There was no traffic at the time, and therefore no witnesses to counter or support the young driver's testimony that Mr. Fails swerved into the travel lane at the last minute. Mr. Fails was wearing an orange vest, and rode this stretch of road so frequently that local residents recognized him, including the driver who hit him.

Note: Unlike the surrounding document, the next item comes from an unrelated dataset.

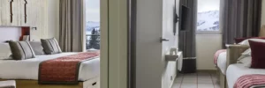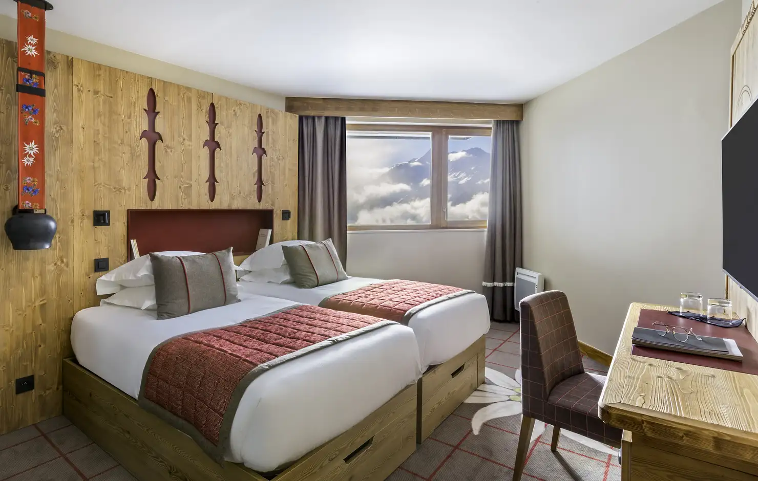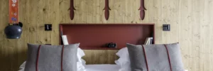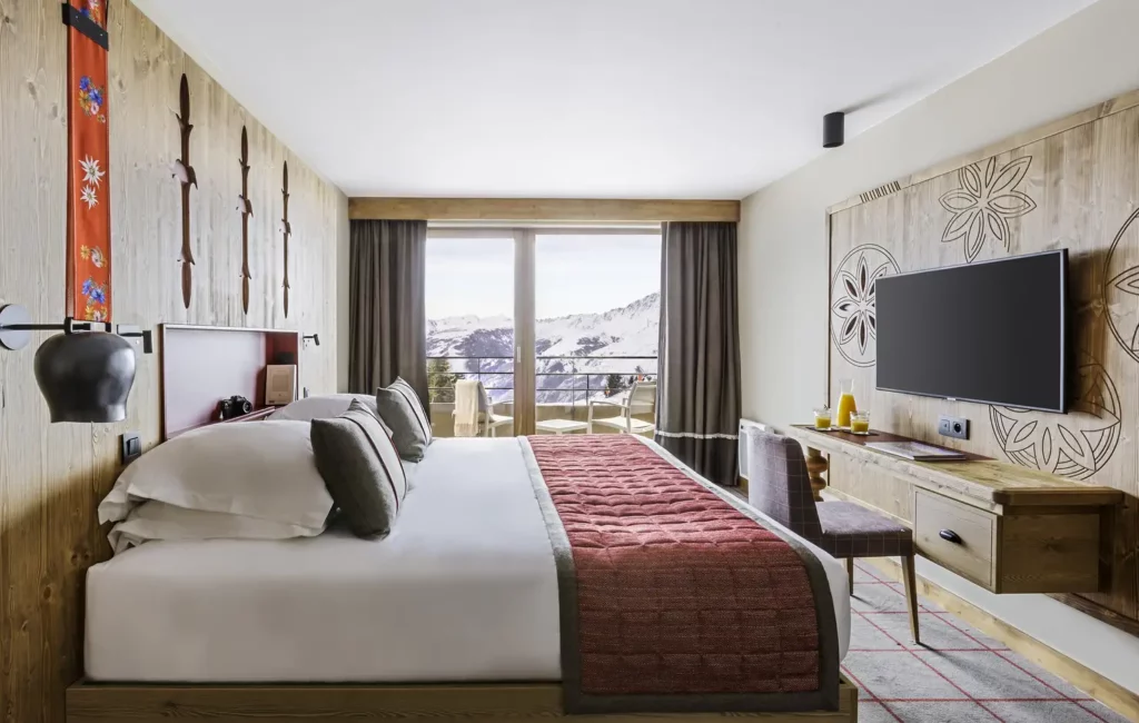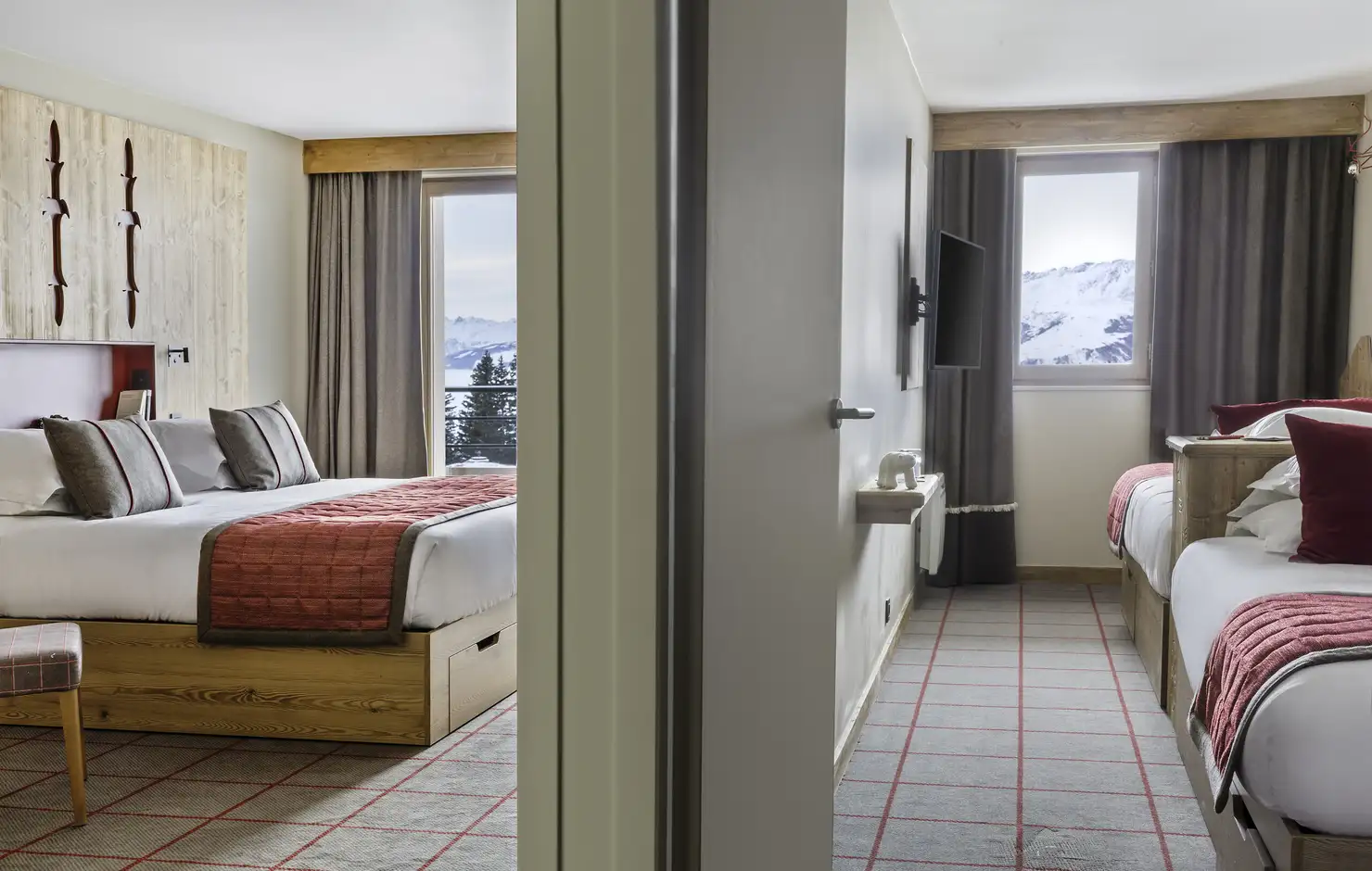 La camera è ideale per le famiglie ed è progettata con 2 spazi notturni separati, un bagno e un balcone arredato. La camera rende omaggio alla tradizione della montagna. Il legno, la campana e i motivi floreali tipici della Savoia, come la stella alpina, sono tutte caratteristiche tradizionali degli chalet alpini.

Beaver County Attorney Von Christenson said the driver appears partially to blame, but the family was not pressing for vengeance, and "justice is best served in this case by not pursuing prosecution." Mr. Fails' other family - the bicycling community - is not vengeful. But we do expect consequences for those who kill or hurt bicyclists if they are negligent.
On Aug. 16 of last year, Ron Hirschi was killed while riding in North Ogden when a truck and trailer, traveling in the opposite direction, made a left turn directly in front of him. The driver was issued a ticket for "failure to yield."
Then one year ago today, Josie Johnson was hit and killed while riding her bike up Big Cottonwood Canyon. The motorist has been charged with negligent homicide after a huge public outcry.
On the bright side, not one bicyclist has died in Utah this year, and the Josie Johnson Memorial Ride will start at noon at Sugarhouse Park on Saturday, Oct. 15.
Jason Bultman is chairman of the Salt Lake County Bicycle Advisory Committee.